I am on my first full season of snow boarding, having transitioned from skiing in order to have a new challenge. Part of the reason I decided to switch was Step On bindings. For me they make the world of difference in terms of convenience when getting off the ski-lift and Stepping On. The only real downside for me compared to normal bindings is that getting out of the bindings can be a little more awkward sometimes due to needing to twist your foot.

I’m fortunate to have Step On shaped feet so have no problems with the fit of the boots, but as with anything you’ll find different views and some people will love them, some people will hate them and many people will not have even tried them.

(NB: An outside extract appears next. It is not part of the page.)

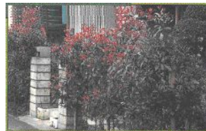
ベニカナメモチ（写真）、イヌツゲ、シラカシ、ウバメガシ、イヌマキ など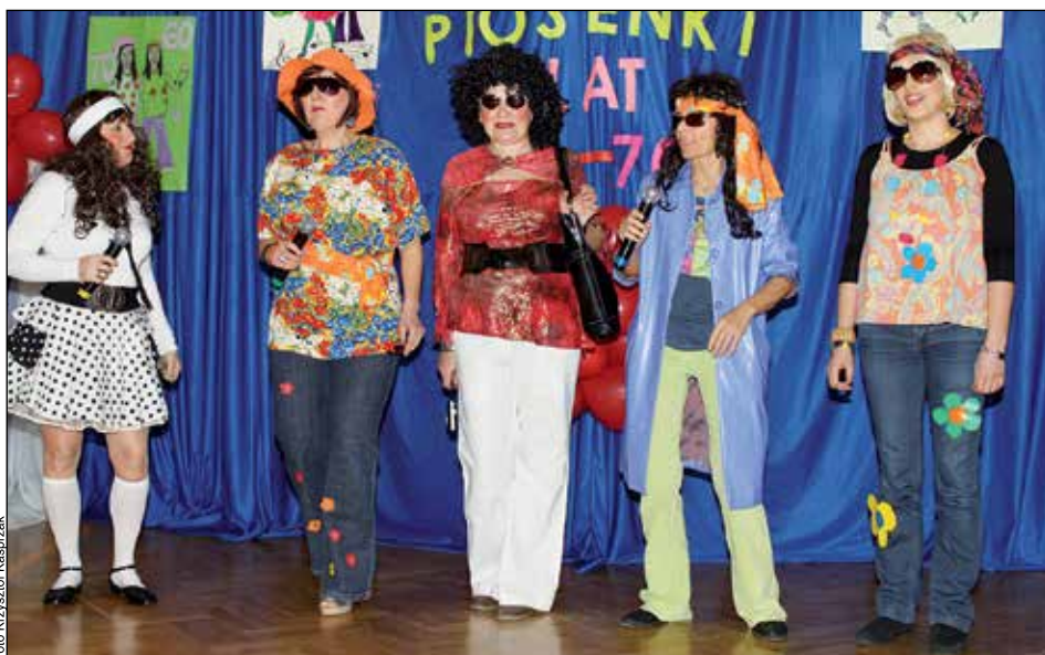
Jury konkursowe prawie w pełnym składzie.

I’m up to 25 days on my Swath Step Ons for this season, and have no regrets at all.

TheSalamander


----------



## t21 (Dec 29, 2010)

there was a youtube link on how to properly twist the boot out to avoid wearing out the toe clips or hooks on the binding, because someone made a comment about it. It shows the you are suppose to lift heel,turn heel inward to release the boot. It maybe awkward as mentioned by Salamander but the more you ride the easier it gets. The good part about the binding is the release lever staying up once you pull up, there was some youtube clips about this bindings that the reviewer mentioned you have to hold on to the lever to release your boot?...nope.The downside for me... is to remember your pant leg is clip on before you step on. I had the "oh shit" moment once but i was lucky i was able to pull my pant leg off the heel latch. The best thing about the heel clip on the boots...it prevents the bottom of your pants from dragging on mud when walking to and from the parking lot


----------



## GoncaDo (Jan 24, 2020)

I generally ride together with my husband, who is a skier. I hated to do straps when he was already off skiing. I love the bindings, they actually make me feel good and safe, no difference than straps. But as everyone has said Burton boots are not for everyone, not for me, I am trying to make peace with. Another downside I am having with Step -On s is not being able to step on down slopes. But you really rarely need to do it. I am yet not that comfortable to step on when I am on move, I have to stop to do it  Overall, I am still happy with them. By the way, I have never seen someone else wearing them ?


----------